Practical Applications
Below is an overview of practical applications that can be derived from the paper’s findings, methods, and innovations. The items are grouped by time horizon and framed with sector relevance, concrete use cases, plausible tools/products/workflows, and key assumptions/dependencies that affect feasibility.
Immediate Applications
- Generalist pick-and-place and sorting in structured environments (Sector: Robotics/Manufacturing/Logistics)
- Use cases: Kitting, bin-picking, SKU sorting, order consolidation, returns processing in warehouses and factories where layouts are semi-structured.
- Tools/workflows: ST4VLA pretrained checkpoints; a ROS 2 node that wraps the VLM Planner + DiT Action Expert; spatial prompting templates for task instructions; wrist + third-person camera setup; Isaac Sim pipelines to generate task-specific demos for quick post-training.
- Assumptions/dependencies: Static or semi-structured workcells; calibrated cameras; compatible end-effectors; GPU for inference (Qwen2.5-VL-3B + DiT Actor); limited diversity of objects at deployment compared to open-world scenarios.
- Rapid reconfiguration for new SKUs/products with minimal data (Sector: E-commerce/Manufacturing)
- Use cases: Onboarding new items for picking/placing or packaging without full reprogramming; robust to paraphrased instructions and object variants.
- Tools/workflows: Few-shot data collection (teleop or sim-to-real) + Stage 2 spatially guided post-training; prompt libraries (“identify target, localize container, plan placement”); PSS-based training diagnostics to monitor gradient conflicts.
- Assumptions/dependencies: Access to a small number of demonstrations; sim assets for look-alikes; object categories that are visually similar to pretraining distribution.
- Robust long-horizon task execution in facilities (Sector: Facilities/Enterprise Robotics)
- Use cases: Multi-step desk sorting, drawer organization, simple food prep in back-of-house (e.g., sandwich assembly), tool tidying in labs—where tasks can be segmented into atomic steps.

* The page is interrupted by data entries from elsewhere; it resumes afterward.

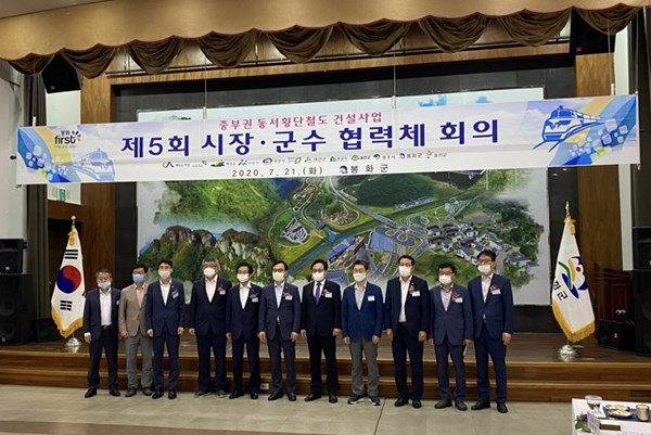봉화군은 7월 21일에 제5회「중부권 동서 횡단철도 건설사업」 시장‧군수 협력체 회의를 봉화군청 대회의실에서 개최했다.
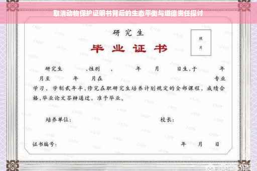 取消所有动物保护证明书是一个复杂而敏感的问题,涉及到生态平衡、道德责任、经济发展等多方面因素,我们在探讨这一问题时,应全面考虑其可能带来的影响,并承担起应有的道德责任,我们应积极寻找平衡发展与保护的策略,确保动物福利和生态平衡得到保障,通过加强法律法规建设、提高公众意识、强化监管与监测、鼓励志愿者参与等措施,我们有望实现人与自然的和谐共生。
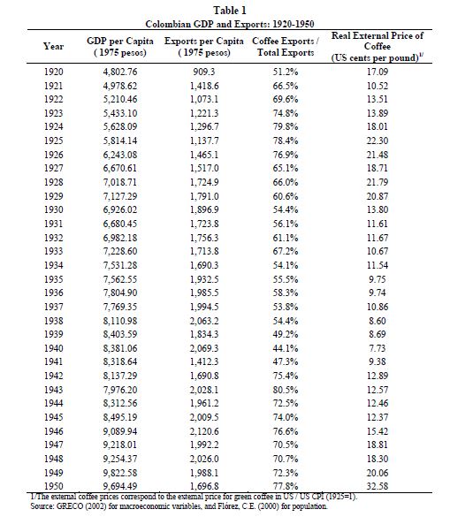 During the 1920s, the Colombian economy experienced the highest rate of growth in its history. The economic reforms of 1923 (the central bank, gold standard, banking legislation, fiscal reorganization), the coffee boom, and the unprecedented influx of for
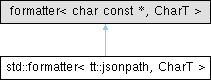 Inheritance diagram for std::formatter< tt::jsonpath, CharT >:

- Tools/workflows: Dual-system deployment (System 2 planner for latent plan tokens, System 1 controller for execution); subtask libraries; progress monitors to check step completion; fallback teleop.
- Assumptions/dependencies: Safe, controlled environments; reliable grasping hardware; pre-collected or simulated subtask demos for the local context; safety interlocks for human proximity.
- Spatially guided training as a plug-in to existing VLA stacks (Sector: Software/Robotics R&D)
- Use cases: Improve existing VLA policies by preserving spatial grounding during action finetuning; reduce overfitting to motor patterns.
- Tools/workflows: Querying transformer module (lightweight cross-attention bridge); gradient-decay factor on VLM backprop; Stage 1 spatial grounding pretraining loader that normalizes robot datasets into QA format; integration code with OpenVLA/π0-like pipelines.
- Assumptions/dependencies: Access to pretraining corpora (RefCOCO, RoboRefIt, Where2Place, A0, etc.); GPU training budget; permission to modify training recipes.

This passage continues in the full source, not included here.